Given information
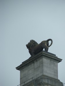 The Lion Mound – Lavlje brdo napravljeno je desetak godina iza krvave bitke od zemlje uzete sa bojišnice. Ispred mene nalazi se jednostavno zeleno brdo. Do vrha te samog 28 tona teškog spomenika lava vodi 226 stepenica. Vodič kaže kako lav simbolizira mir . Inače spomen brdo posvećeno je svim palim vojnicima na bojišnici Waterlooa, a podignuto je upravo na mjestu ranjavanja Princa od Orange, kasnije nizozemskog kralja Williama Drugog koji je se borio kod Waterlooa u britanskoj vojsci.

--

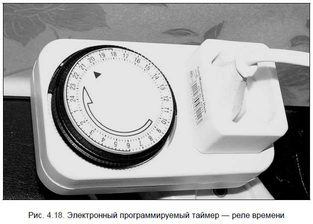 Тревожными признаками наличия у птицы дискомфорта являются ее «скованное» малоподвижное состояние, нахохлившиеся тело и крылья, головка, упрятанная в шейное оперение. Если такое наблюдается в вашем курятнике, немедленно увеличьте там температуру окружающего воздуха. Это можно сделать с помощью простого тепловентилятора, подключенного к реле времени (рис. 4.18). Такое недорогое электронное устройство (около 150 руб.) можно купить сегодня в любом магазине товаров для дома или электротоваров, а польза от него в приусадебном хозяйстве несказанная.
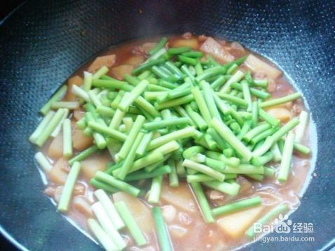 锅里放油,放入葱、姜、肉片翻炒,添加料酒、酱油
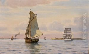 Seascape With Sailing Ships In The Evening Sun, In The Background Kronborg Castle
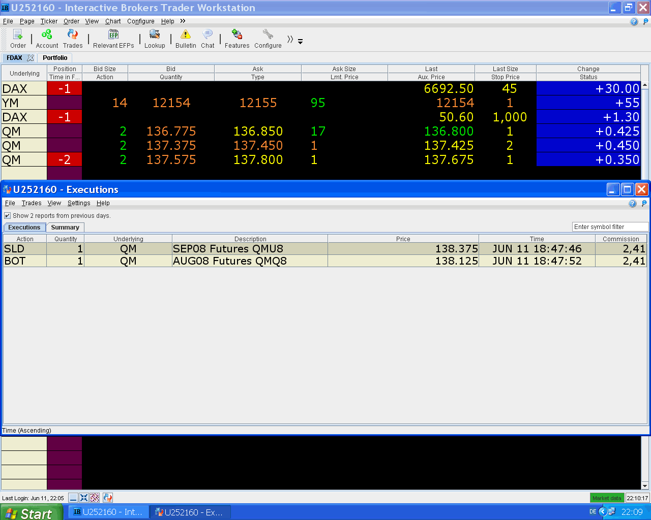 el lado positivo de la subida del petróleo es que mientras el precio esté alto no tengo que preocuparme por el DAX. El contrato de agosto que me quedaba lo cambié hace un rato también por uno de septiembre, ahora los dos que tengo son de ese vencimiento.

Exercise goal
Would you copy out, exactly and with no pictures, only the lines above from the one that contains "Seascape With Sailing" through the one that contains "el lado positivo"?

Solution
 Seascape With Sailing Ships In The Evening Sun, In The Background Kronborg Castle
 el lado positivo de la subida del petróleo es que mientras el precio esté alto no tengo que preocuparme por el DAX. El contrato de agosto que me quedaba lo cambié hace un rato también por uno de septiembre, ahora los dos que tengo son de ese vencimiento.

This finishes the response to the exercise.